Extracted records:
__________________________________________________

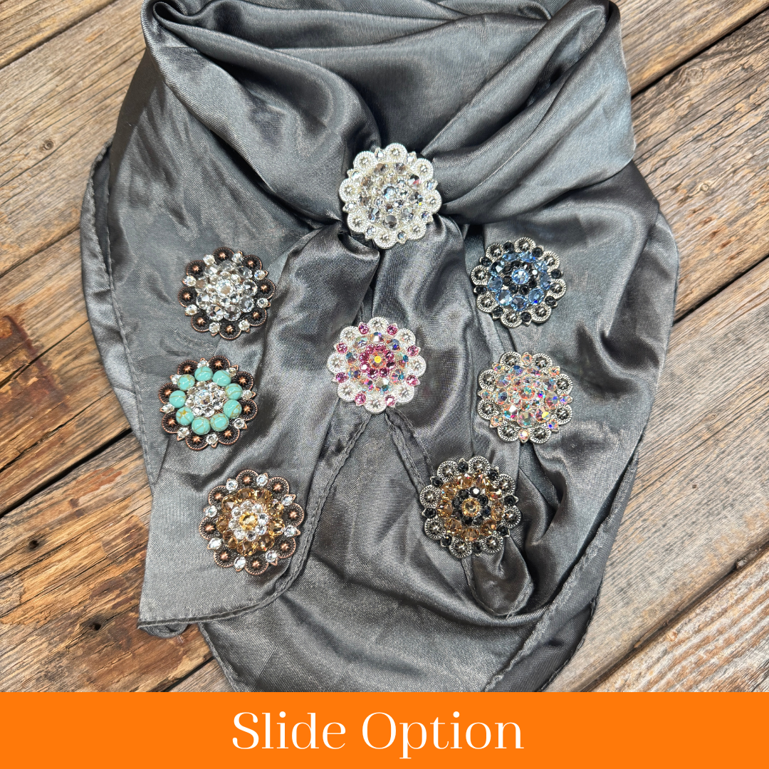 35X35" Solid Silver / Grey Wild Rag / Scarf WRS15 - Crystal Concho Wild Rag Slides - Assorted
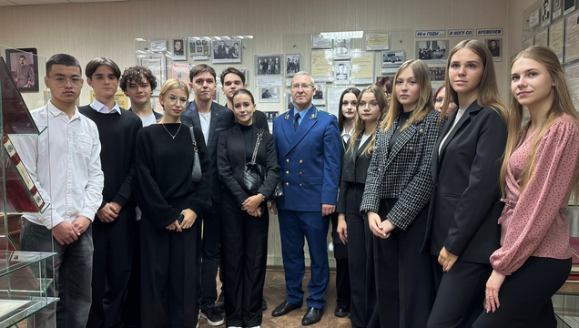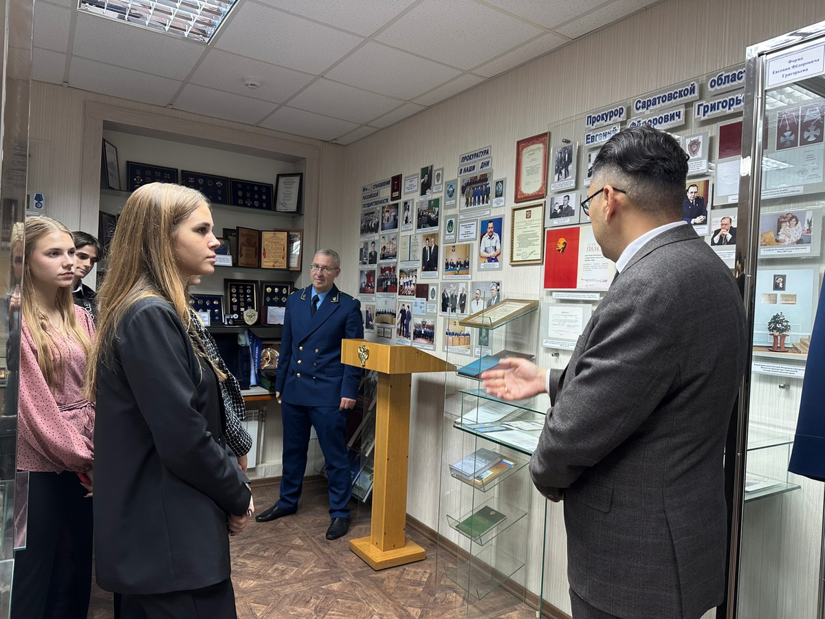 22 октября 2025 года студенты 1 курса 191 группы специальности 40.05.04 «Судебная и прокурорская деятельность» вместе со старшим преподавателем кафедры теории государства и права Чулисовой Юлией Александровной посетили музей прокуратуры Саратовской области. Экскурсию по музею прокуратуры студентам провел Александр Николаевич Иванов – старший прокурор учебно-методического отдела прокуратуры Саратовской области – межрегионального центра профессионального обучения прокурорских работников и федеральных государственных гражданских служащих, советник юстиции, к.ю.н., доцент.
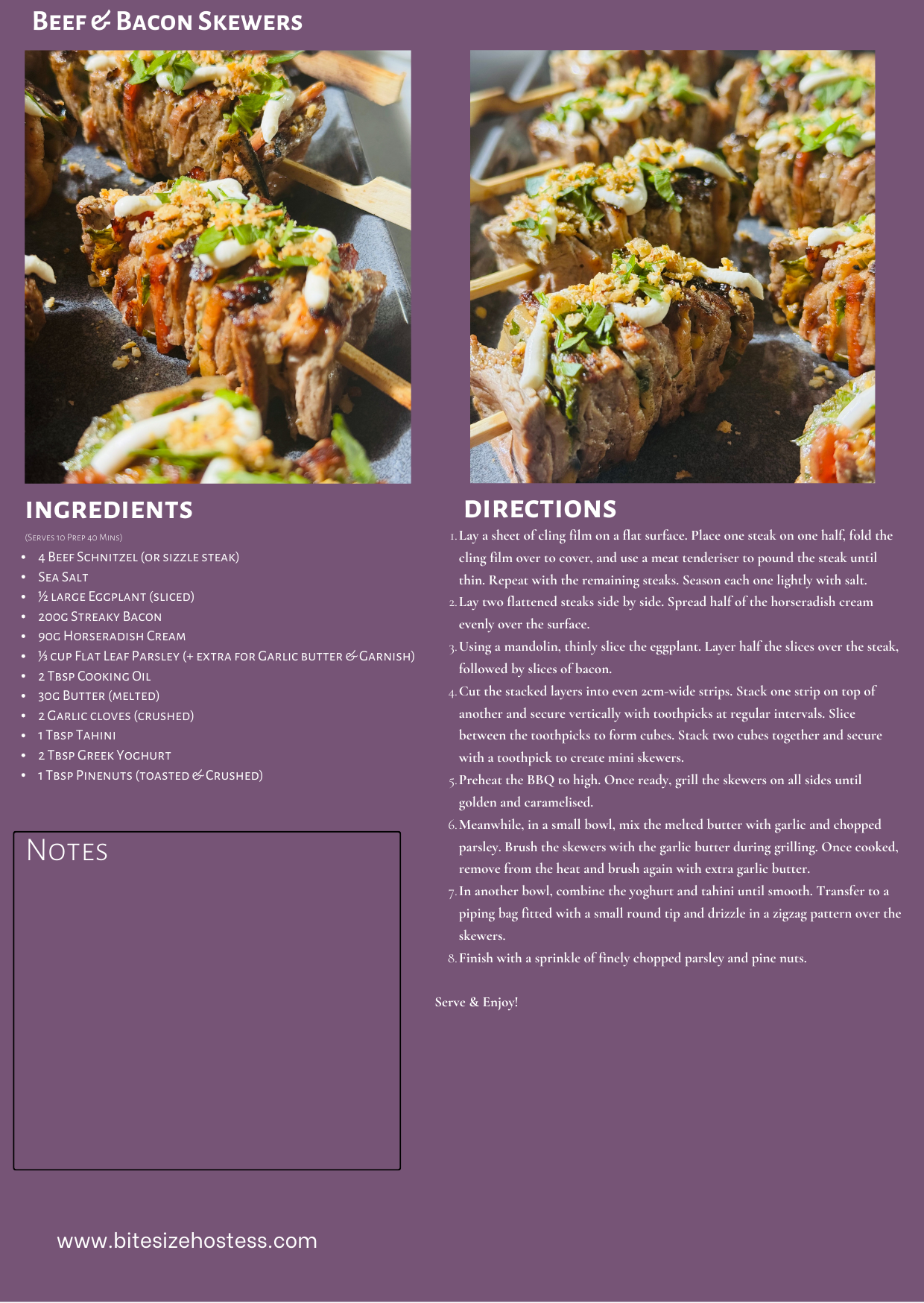 Beef & Bacon Skewers July 13, 2025July 14, 2025 FacebookTweetPin2Email BBQ Party kebabs: When you’re feeding a crowd, the goal is always the same- something easy to prepare, simple to serve, and packed with flavour…BBQ Party kebabs are a crowd favourite. These layered beef skewers tick every box. Each skewer is built from thin slices of beef steak, tenderised for that perfect bite. With a generous swipe of horseradish cream, thin layers of eggplant, and salty strips of bacon, each mouthful is savoury, smoky, and hearty enough to satisfy. Once the layers are stacked and skewered, they hit the BBQ for a quick sear on all sides until golden and slightly charred. The smell of these bbq party kebabs alone will have your guests circling. While the skewers are still hot, they’re brushed with a garlic butter that soaks into the grilled layers and adds an aromatic richness. Just before serving, I drizzle over a tahini yoghurt blend- smooth, nutty, and tangy– and finish with a generous sprinkle of pine nuts and finely chopped parsley. That little drizzle brings a cooling, creamy element that balances everything beautifully, and the pine nuts add a satisfying crunch and a bit of toasted nutty flavour. Not too much fuss, certainly no cutlery required- bbq finger food… just grab, bite, and enjoy. Every Australian enjoys a barbecue & these flavours are familiar, yet just a little different. The horseradish adds a creamy kick without being overpowering, the eggplant melts into the beef, and the bacon brings that irresistible crisp edge. The tahini yoghurt and pine nuts on top? They tie it all together with a creamy, nutty finish & I suggest you make extra as people will be coming back for seconds. Whether you’re putting together backyard bbq finger food, for casual hosting, or just looking for something a little different, these skewers are a crowd-pleaser worth bookmarking. They look impressive, taste incredible, and are easy to prep ahead- just fire up the grill when you’re ready. So next time you’ve got friends around and the barbecue is calling, try stacking your flavours. These bbq party kebabs might just make a regular appearance at your social gatherings. Beef & Bacon Skewers (Serves 10 Prep 40 Mins) You Will Need: Beef Schnitzel (or Sizzle Steak)These are thin, tender cuts of beef that cook quickly- perfect for layering in appetisers or skewers. Choose schnitzel for a slightly thicker, crumb-coated option or sizzle steak for a faster, leaner sear. Sea SaltUse a good quality flaky or fine sea salt to enhance all the savoury elements without overpowering them. EggplantSlices of eggplant grilled or pan-fried until golden and tender. The soft texture and subtle earthy flavour work beautifully with the meat and creamy components. Streaky BaconCrispy and salty with plenty of fat to add richness. Choose a smoky variety if you want a deeper flavour contrast with the other ingredients. Horseradish CreamPunchy, creamy and sharp- horseradish cream adds a fiery little kick that brings the dish to life…but not too much heat. I use Masterfoods brand which is pretty mild but still adds a nice flavour. Look for a ready-made horseradish cream or you can make your own if you prefer. Flat Leaf ParsleyYou have to have a herb (or 2)…for flavour! Flat leaf parsley is Fresh and slightly peppery, brings a clean, herbal note that brightens the dish and of course adds colour. I finely shred it. You need enough for on top of the horseradish, but also extra for the garlic butter and a little more for the garnish. I’m quite liberal with parsley but a medium- sized bunch, I would suggest. Cooking OilA neutral oil with a high smoke point like vegetable, grapeseed or rice bran oil is ideal for searing the beef and eggplant without altering the flavour. ButterA knob of butter to baste the beef during cooking & added at the end of cooking, adds flavour and a golden finish to the skewers. GarlicUse fresh garlic cloves, finely chopped or crushed, to flavour the oil or butter during cooking for a subtle aromatic base. I put it in the melted butter. TahiniTahini is a rich sesame paste with a creamy texture and nutty depth- often used in hummus but used here as part of a drizzle or dressing, and is combined with yoghurt. Greek YoghurtI really love Greek yoghurt, its thick, tangy and cooling (so perfect with spicy ingredients- Greek yoghurt balances the bold flavours so works beautifully with tahini for a luscious drizzle or dip. PinenutsLightly toasted to bring out their natural sweetness and crunch. These little gems add texture and a touch of luxury to finish off the dish. I smash some (you can toast first in a pan, but I also keep some whole really just for texture. Instructions: Prepare the Schnitzel For these BBQ Party kebabs, start by laying a sheet of cling film flat on your bench or chopping board. Take one piece of beef schnitzel or sizzle steak and place it on one half of the cling film. Fold the other half of the cling film over the top to cover it completely- this helps contain any mess and makes the pounding process a little cleaner. Using a meat mallet or tenderiser, gently pound the steak until it’s nice and thin-around 3–4mm is ideal. You’re aiming for an even thickness so the steak cooks quickly and evenly. Repeat this process with the remaining steaks. Once all are flattened, lightly season each one with a pinch of sea salt. Layer the Ingredients Take two of the flattened steaks and lay them side by side, slightly overlapping on a clean surface to form a wide, single layer. Spread half of the horseradish cream evenly across the surface using the back of a spoon or a spatula- it doesn’t need to be thick, just a light, even coating to give a bit of heat and creaminess. Follow this with a generous sprinkling of chopped parsley. Now, using a mandolin (or a very sharp knife), slice the eggplant into thin rounds- about 2mm thick. Lay half of the eggplant slices over the steak, overlapping sl
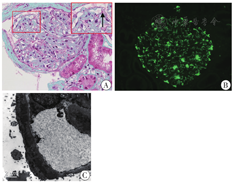 注:A:箭头示肾小球上皮侧嗜复红物沉积,节段袢"钉突"形成(Masson ×400);B:磷脂酶A2受体荧光染色(免疫荧光 ×400);C:肾小球上皮侧"钉突"形成(电镜 ×10 000)
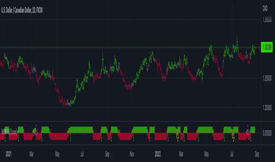 Multi HMA Slopes [Loxx] is an indicator that checks slopes of 5 (different period) Hull Moving Averages and adds them up to show overall trend. To us this, check for color changes from red to green where there is no red if green is larger than red and there is no red when red is larger than green. When red and green both show up, its a sign of chop.
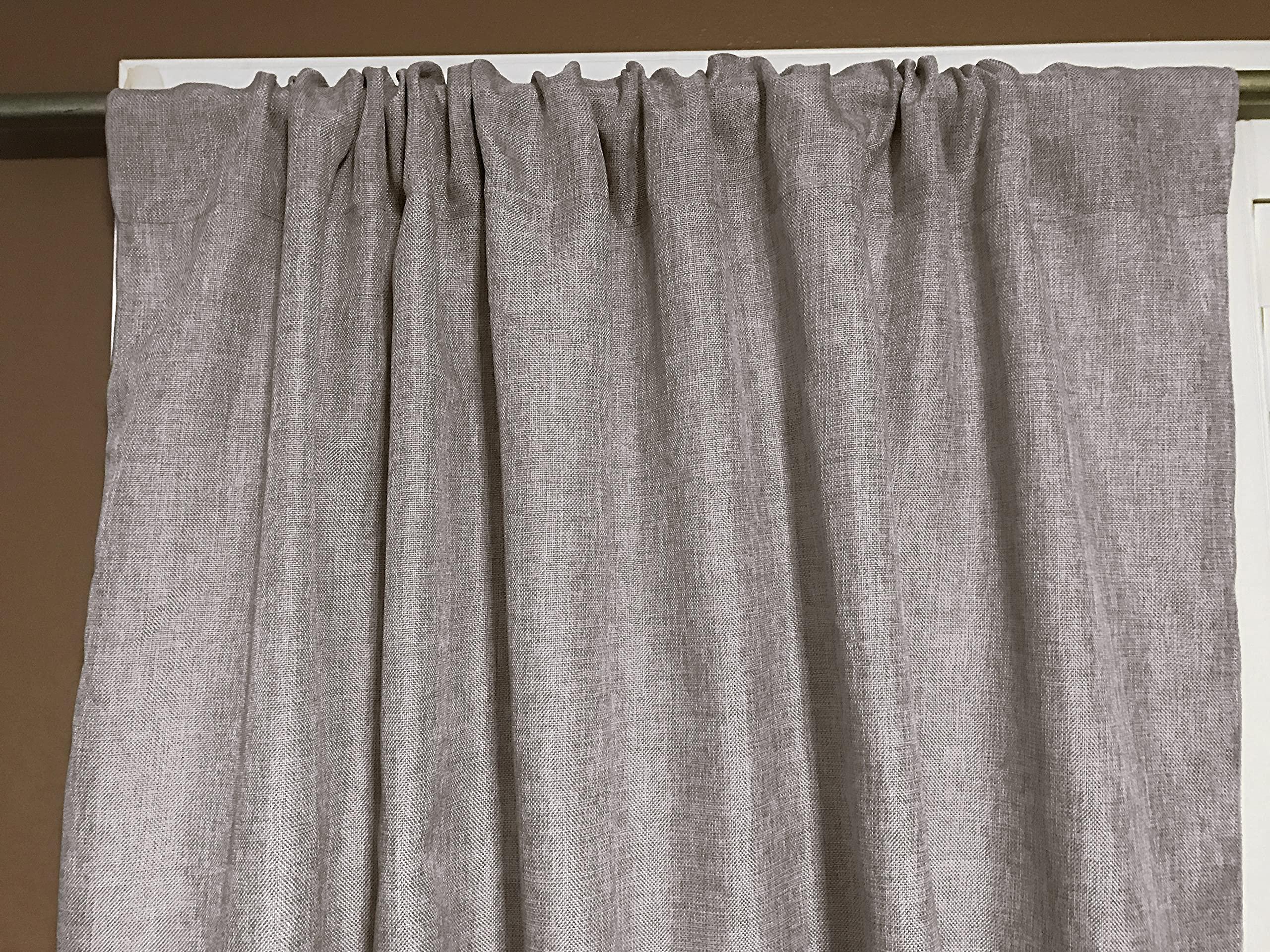 Lovemyfabric faux burlap polyester curtains are a beautiful choice to decorate your window. These drapes also make a perfect choice for backdrops at weddings, trade shows, birthday parties, photo booths, showrooms, theaters, or anywhere you desire to add a touch of class. Unlined curtain allows natural light to flow through. Each panel is 58 inch wide with a 4 inch pocket for curtain rod. Recommended to dry clean or spot clean only.

__________________________________________________

Work instruction:
Your copy should match the records above exactly, except that it contains no pictures.

Written response:
 35X35" Solid Silver / Grey Wild Rag / Scarf WRS15 - Crystal Concho Wild Rag Slides - Assorted
 22 октября 2025 года студенты 1 курса 191 группы специальности 40.05.04 «Судебная и прокурорская деятельность» вместе со старшим преподавателем кафедры теории государства и права Чулисовой Юлией Александровной посетили музей прокуратуры Саратовской области. Экскурсию по музею прокуратуры студентам провел Александр Николаевич Иванов – старший прокурор учебно-методического отдела прокуратуры Саратовской области – межрегионального центра профессионального обучения прокурорских работников и федеральных государственных гражданских служащих, советник юстиции, к.ю.н., доцент.
 Beef & Bacon Skewers July 13, 2025July 14, 2025 FacebookTweetPin2Email BBQ Party kebabs: When you’re feeding a crowd, the goal is always the same- something easy to prepare, simple to serve, and packed with flavour…BBQ Party kebabs are a crowd favourite. These layered beef skewers tick every box. Each skewer is built from thin slices of beef steak, tenderised for that perfect bite. With a generous swipe of horseradish cream, thin layers of eggplant, and salty strips of bacon, each mouthful is savoury, smoky, and hearty enough to satisfy. Once the layers are stacked and skewered, they hit the BBQ for a quick sear on all sides until golden and slightly charred. The smell of these bbq party kebabs alone will have your guests circling. While the skewers are still hot, they’re brushed with a garlic butter that soaks into the grilled layers and adds an aromatic richness. Just before serving, I drizzle over a tahini yoghurt blend- smooth, nutty, and tangy– and finish with a generous sprinkle of pine nuts and finely chopped parsley. That little drizzle brings a cooling, creamy element that balances everything beautifully, and the pine nuts add a satisfying crunch and a bit of toasted nutty flavour. Not too much fuss, certainly no cutlery required- bbq finger food… just grab, bite, and enjoy. Every Australian enjoys a barbecue & these flavours are familiar, yet just a little different. The horseradish adds a creamy kick without being overpowering, the eggplant melts into the beef, and the bacon brings that irresistible crisp edge. The tahini yoghurt and pine nuts on top? They tie it all together with a creamy, nutty finish & I suggest you make extra as people will be coming back for seconds. Whether you’re putting together backyard bbq finger food, for casual hosting, or just looking for something a little different, these skewers are a crowd-pleaser worth bookmarking. They look impressive, taste incredible, and are easy to prep ahead- just fire up the grill when you’re ready. So next time you’ve got friends around and the barbecue is calling, try stacking your flavours. These bbq party kebabs might just make a regular appearance at your social gatherings. Beef & Bacon Skewers (Serves 10 Prep 40 Mins) You Will Need: Beef Schnitzel (or Sizzle Steak)These are thin, tender cuts of beef that cook quickly- perfect for layering in appetisers or skewers. Choose schnitzel for a slightly thicker, crumb-coated option or sizzle steak for a faster, leaner sear. Sea SaltUse a good quality flaky or fine sea salt to enhance all the savoury elements without overpowering them. EggplantSlices of eggplant grilled or pan-fried until golden and tender. The soft texture and subtle earthy flavour work beautifully with the meat and creamy components. Streaky BaconCrispy and salty with plenty of fat to add richness. Choose a smoky variety if you want a deeper flavour contrast with the other ingredients. Horseradish CreamPunchy, creamy and sharp- horseradish cream adds a fiery little kick that brings the dish to life…but not too much heat. I use Masterfoods brand which is pretty mild but still adds a nice flavour. Look for a ready-made horseradish cream or you can make your own if you prefer. Flat Leaf ParsleyYou have to have a herb (or 2)…for flavour! Flat leaf parsley is Fresh and slightly peppery, brings a clean, herbal note that brightens the dish and of course adds colour. I finely shred it. You need enough for on top of the horseradish, but also extra for the garlic butter and a little more for the garnish. I’m quite liberal with parsley but a medium- sized bunch, I would suggest. Cooking OilA neutral oil with a high smoke point like vegetable, grapeseed or rice bran oil is ideal for searing the beef and eggplant without altering the flavour. ButterA knob of butter to baste the beef during cooking & added at the end of cooking, adds flavour and a golden finish to the skewers. GarlicUse fresh garlic cloves, finely chopped or crushed, to flavour the oil or butter during cooking for a subtle aromatic base. I put it in the melted butter. TahiniTahini is a rich sesame paste with a creamy texture and nutty depth- often used in hummus but used here as part of a drizzle or dressing, and is combined with yoghurt. Greek YoghurtI really love Greek yoghurt, its thick, tangy and cooling (so perfect with spicy ingredients- Greek yoghurt balances the bold flavours so works beautifully with tahini for a luscious drizzle or dip. PinenutsLightly toasted to bring out their natural sweetness and crunch. These little gems add texture and a touch of luxury to finish off the dish. I smash some (you can toast first in a pan, but I also keep some whole really just for texture. Instructions: Prepare the Schnitzel For these BBQ Party kebabs, start by laying a sheet of cling film flat on your bench or chopping board. Take one piece of beef schnitzel or sizzle steak and place it on one half of the cling film. Fold the other half of the cling film over the top to cover it completely- this helps contain any mess and makes the pounding process a little cleaner. Using a meat mallet or tenderiser, gently pound the steak until it’s nice and thin-around 3–4mm is ideal. You’re aiming for an even thickness so the steak cooks quickly and evenly. Repeat this process with the remaining steaks. Once all are flattened, lightly season each one with a pinch of sea salt. Layer the Ingredients Take two of the flattened steaks and lay them side by side, slightly overlapping on a clean surface to form a wide, single layer. Spread half of the horseradish cream evenly across the surface using the back of a spoon or a spatula- it doesn’t need to be thick, just a light, even coating to give a bit of heat and creaminess. Follow this with a generous sprinkling of chopped parsley. Now, using a mandolin (or a very sharp knife), slice the eggplant into thin rounds- about 2mm thick. Lay half of the eggplant slices over the steak, overlapping sl
 注:A:箭头示肾小球上皮侧嗜复红物沉积,节段袢"钉突"形成(Masson ×400);B:磷脂酶A2受体荧光染色(免疫荧光 ×400);C:肾小球上皮侧"钉突"形成(电镜 ×10 000)
 Multi HMA Slopes [Loxx] is an indicator that checks slopes of 5 (different period) Hull Moving Averages and adds them up to show overall trend. To us this, check for color changes from red to green where there is no red if green is larger than red and there is no red when red is larger than green. When red and green both show up, its a sign of chop.
 Lovemyfabric faux burlap polyester curtains are a beautiful choice to decorate your window. These drapes also make a perfect choice for backdrops at weddings, trade shows, birthday parties, photo booths, showrooms, theaters, or anywhere you desire to add a touch of class. Unlined curtain allows natural light to flow through. Each panel is 58 inch wide with a 4 inch pocket for curtain rod. Recommended to dry clean or spot clean only.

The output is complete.